Christophe Castaner est désormais dans une position délicate et pourrait en faire les frais lors d’un prochain remaniement s’il ne parvient pas à renouer le lien avec ses troupes.
“On a atteint le point de non-retour. C’est peut-être injuste pour Christophe Castaner, mais c’est lui qui porte le discours”: pour Yves Lefevbre de Unité SGP-FO, le sort du ministre de l’Intérieur est scellé.
“Il n’avait pas à nous mettre devant le fait accompli”, a-t-il ajouté auprès de l’AFP, en faisant référence à l’annonce lundi dernier de l’interdiction de la “clé d’étranglement”, une technique d’interpellation des personnes récalcitrantes.
Unité SGP-FO a prévu d’ores et déjà de nouvelles manifestations cette semaine un peu partout en France, comme celle qui s’est déroulée à la mi-journée à Lille et a rassemblé entre 150 et 200 fonctionnaires.

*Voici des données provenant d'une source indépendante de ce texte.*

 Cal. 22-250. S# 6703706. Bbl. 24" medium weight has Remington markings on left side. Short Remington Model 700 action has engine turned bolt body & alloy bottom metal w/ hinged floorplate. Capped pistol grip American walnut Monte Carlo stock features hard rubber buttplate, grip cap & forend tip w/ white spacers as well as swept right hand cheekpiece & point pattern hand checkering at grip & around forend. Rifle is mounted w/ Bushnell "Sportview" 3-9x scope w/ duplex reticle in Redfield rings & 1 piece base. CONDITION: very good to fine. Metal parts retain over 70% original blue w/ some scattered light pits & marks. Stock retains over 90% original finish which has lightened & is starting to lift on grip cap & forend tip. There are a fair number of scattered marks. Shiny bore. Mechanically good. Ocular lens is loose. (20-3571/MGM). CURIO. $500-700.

Du côté d’Alliance, syndicat majoritaire chez les gardiens de la paix, l’heure est également à la mobilisation.
Force est de constater que les mots du président Emmanuel Macron dimanche soir les assurant du “soutien de la puissance publique” n’ont pas calmé la colère des policiers.

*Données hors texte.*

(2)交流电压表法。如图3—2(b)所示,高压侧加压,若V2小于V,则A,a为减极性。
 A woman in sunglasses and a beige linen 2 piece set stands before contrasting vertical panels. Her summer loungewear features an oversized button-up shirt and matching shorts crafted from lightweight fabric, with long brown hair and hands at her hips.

D’ailleurs, quelques heures plus tard, une centaine d’entre eux avaient manifesté nuitamment sur le parvis des Droits de l’Homme, au Trocadéro à Paris, menottes jetées à terre.
“Nous demandons au président un plan Marshall pour les forces de l’ordre. Cela dépasse largement le ministre de l’Intérieur”, a expliqué à l’AFP Fabien Vanhemelryck (Alliance).
Il prédit des actions de plus en plus nombreuses et spectaculaires jusqu’à ce que le président les reçoive. “S’il ne nous reçoit pas, on verra bien que quand la police n’est pas là, c’est le bordel”, s’enflamme un autre syndicaliste sous couvert de l’anonymat.
Changer de ministre ?
Changer de ministre? Pour Alliance, SGP-FO et les autres organisations syndicales, cela ne résoudra pas le problème. Mais aucun ne parie sur le maintien de Christophe Castaner place Beauvau.
Le chef de l”Etat a évoqué dimanche soir “un nouveau chemin” dont il définirait, en juillet après le second tour des municipales, les contours avec, en toute logique, un remaniement.
Le départ de Christophe Castaner, un des fidèles d’Emmanuel Macron, n’était pas envisagé jusqu’à la semaine dernière. Mais, lundi dernier, le ministre a déclenché un tollé dans la police en annonçant l’interdiction de la “clé d’étranglement” et la “tolérance zéro” pour tout propos, faits de racisme dans les rangs des forces de l’ordre.
Cette conférence de presse, qui répondait à une demande du chef de l’Etat, est intervenue dans un contexte de relance des accusations contre les violences policières et le racisme au sein des forces de l’ordre.
Accusations portées notamment par le comité Adama Traoré, du nom d’un jeune homme noir décédé en juillet 2016 après une interpellation en région parisienne. Avec un parallèle fait avec la mort aux États-Unis de George Floyd sous le genou d’un policier, qui a soulevé une vague d’indignation mondiale.
“Il fallait significativement faire bouger les lignes. Il fallait oser cette manœuvre qui est un véritable quitte ou double”, explique-t-on dans l’entourage du ministre.
On souligne que “du côté de la police, c’est la course à l’hyper-équipement depuis 30 ans sans jamais rien remettre en cause”.
Devant des visiteurs, Christophe Castaner a reconnu que “la réplique” des policiers “a été très violente”, à la hauteur “du coup de pied donné dans la fourmilière”.
Amer, lui qui estime avoir “brisé un tabou” en se confrontant à ses troupes, il a confié également croire que “le lien” avec les syndicats n’était “pas rompu”. “J’ai marqué des points”, veut-il croire. Pour ses proches, “s’il saute, c’est accepter que les flics gardent le pouvoir absolu sur la maison”.
Déjà, les rumeurs bruissent sur l’identité de son éventuel successeur. Certains ont décelé dans les propos la semaine dernière du secrétaire d’Etat Laurent Nuñez des ambitions. On cite aussi le nom de Frédéric Péchenard, ancien patron de la police nationale, élu régional LR en Ile-de-France, et proche de Nicolas Sarkozy.